Iedereen mij
Dat we in vreemde tijden leven, hoef ik je niet te vertellen. Je ziet het aan de zo goed als lege straten, hoort het aan het gekwetter van de vogels dat voor het eerst sinds lang boven het stadsgedruis uitstijgt, en leest er verder alles over in onze fijne krant.
Met mij gaat het trouwens goed, dank je zeer voor je bezorgdheid, en ik wens jou van harte hetzelfde toe. Ik ben zo gezond als maar kan en doe niet veel meer of minder dan ik gewoon ben. Ik schrijf afwisselend aan de eettafel en in de sofa, geef mijn liefsteling bij tijd en wijle een kus in de haren, steek een vurige monoloog af tegen een van mijn drie katten en kijk door het raam om te zien of daarbuiten iemand nog zin of lef genoeg heeft om te bewegen. De eerlijkheid gebiedt te erkennen dat het wat dat laatste betreft iet of wat tegenvalt. Maar ook dat wist je al.

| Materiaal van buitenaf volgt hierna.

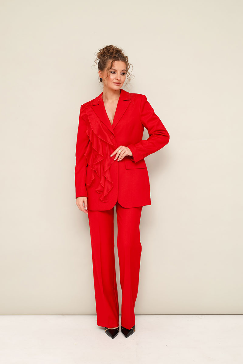 Комплект 2-предметный, состоящий из жакета и брюк, выполненный из костюмной ткани.
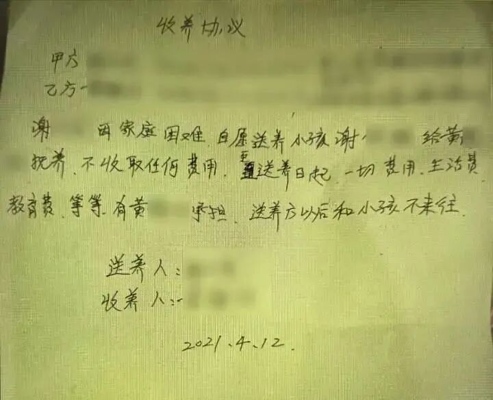 簽訂(dìng)送養協議的時候,這個(gè)父親更是沒有絲毫留戀,仿佛甩掉一個(gè)包袱般輕快灑脫:“送養方和孩子不能有任何來往。”

Wanneer jullie weer de vrijheid genieten om het leven te vieren, doe ik vrolijk met jullie mee
Toch is er iets veranderd. Je moet weten, en dat vertel ik niet aan iedereen, dat ik me nogal graag afzonder, wat me in de loop der jaren het predicaat ‘kluizenaar’ heeft opgeleverd. Sommigen denken zelfs dat ik louter een typetje ben dat op Facebook leeft. Een jaar of zo geleden stelde ik mezelf in de ondertussen ter ziele gegane Kortrijkse kroeg Den Boulevard voor aan de warmhartige waardin Tine, die vervolgens riposteerde: ‘Maar Joost, jij bestaat écht.’
Vandaag is er die zucht. Naar mijn zussen die ik mis en meer dan ooit tevoren schrijf of bel. Naar het neefje van mijn lief dat me via WhatsApp toont hoe hard hij op een bal kan schoppen. Naar mijn goede, trouwe vrienden die ik te lang heb verwaarloosd. Naar knuffels en kussen krijgen en geven, en harten onder de riem steken.
Net nu zovelen dik tegen hun goesting mij zijn, wil ik iemand anders zijn. Straks, wanneer jullie weer de vrijheid genieten om te dansen, te drinken en het leven te vieren, doe ik vrolijk met jullie mee. Dat is beloofd.